The food won’t be a surprise to anyone familiar with the McConnell back catalogue, including not only Three, One, Two and Cumulus but Mrs Jones, Circa and Diningroom 211. By which I mean: we knew he could cook. This merely confirms it. He’s never been the kind of chef to go in for the more outré combinations. There’s something about his food that makes it just as suited to those people who tag themselves as foodies as ordinary punters to whom dining out is a special occasion and who lust, not unreasonably, after big flavours and something they can at least vaguely recognise as protein and veg. McConnell’s peculiar talent is that he can satisfy both. The appetisers list kicks off with freshly shucked oysters from Moonlight Flat, purveyors of fine molluscs. Or long chewy pastries wrapped around a single anchovy – Ortiz, naturally. Or pimentios de pardon, the usually mild but potentially fiery Galician green peppers. They anchor a noteworthy menu of small shareables in the bar as well, which is a perfectly good place to sit and spend some quality time exploring the punchy list of wines by the glass.
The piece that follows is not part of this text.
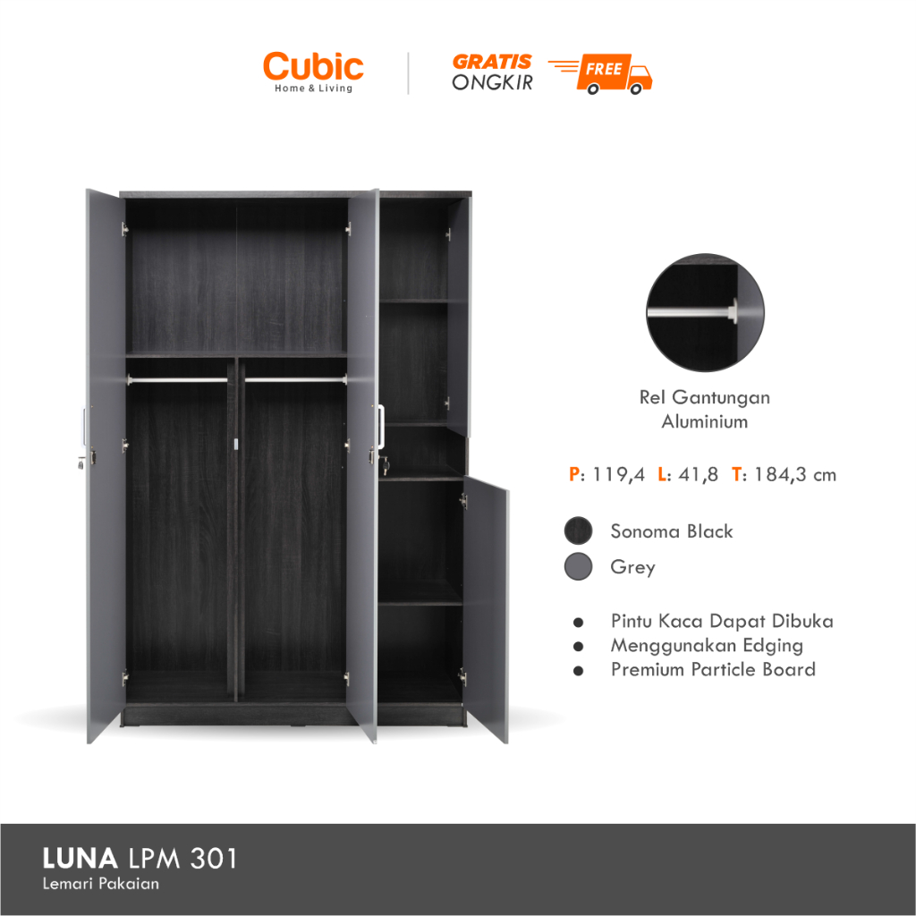 Cubic Lemari Pakaian Cermin Minimalis 3 Pintu / Lemari Baju - LUNA LPM 301

But you’d be missing out on some truly sensational dishes; like the hapuka fillet ($38). Along with practically everything else on Melbourne menus these days, it’s had the sous vide treatment, which really does work a treat with fish, and the almost translucent but firm flesh is brilliantly married to a velvety green sauce dotted with pipis in the shell and mussels. The requisite carb hit comes with a smear of bean puree with a hint of garlic and lemon. It’s a straightforward dish perfectly executed – transcendently clean and restorative. A starter of wood-grilled quail with foie gras parfait ($20) is equally memorable. It’s so simply, really: perfectly cooked quail that’s crisp on the outside, tender and pink inside. The really clever part is wrapping the foie gras in crunchy pastry so that it’s like a cigarette with molten deliciousness spilling from it; there are a couple of quartered segments of figs that have been caramelised on the wood grill. Again, nothing to scare the horses, but a perfectly elegant interplay of colour, flavour and texture. The salad Lyonnaise ($19) is more of a plate of charcuterie with the traditional frisee salad: cubes of smoked tongue, garlic sausage, some crispy pancetta, a long, thin strip of fried pig’s ear and a scattering of confit duck gizzards. The poached egg is a duck yolk that’s been lacquered with a thin, hard shell of bruleed sugar for additional wow factor. Suckling pig ($39) is also cooked sous vide, this time for 12 hours, cooled then cooked with a quick flash in the pan. The result is an unctuous rectangle of pin with a thin top hat of uniform crackle, finished with caramelised sherry vinegar. It’s pure porky heaven. The record should also note that the portion sizes are perfect. Not too small that you start guzzling the Baker D. Chirico bread; not too big that you have to pop the top button of your Comme de Garsons trousers.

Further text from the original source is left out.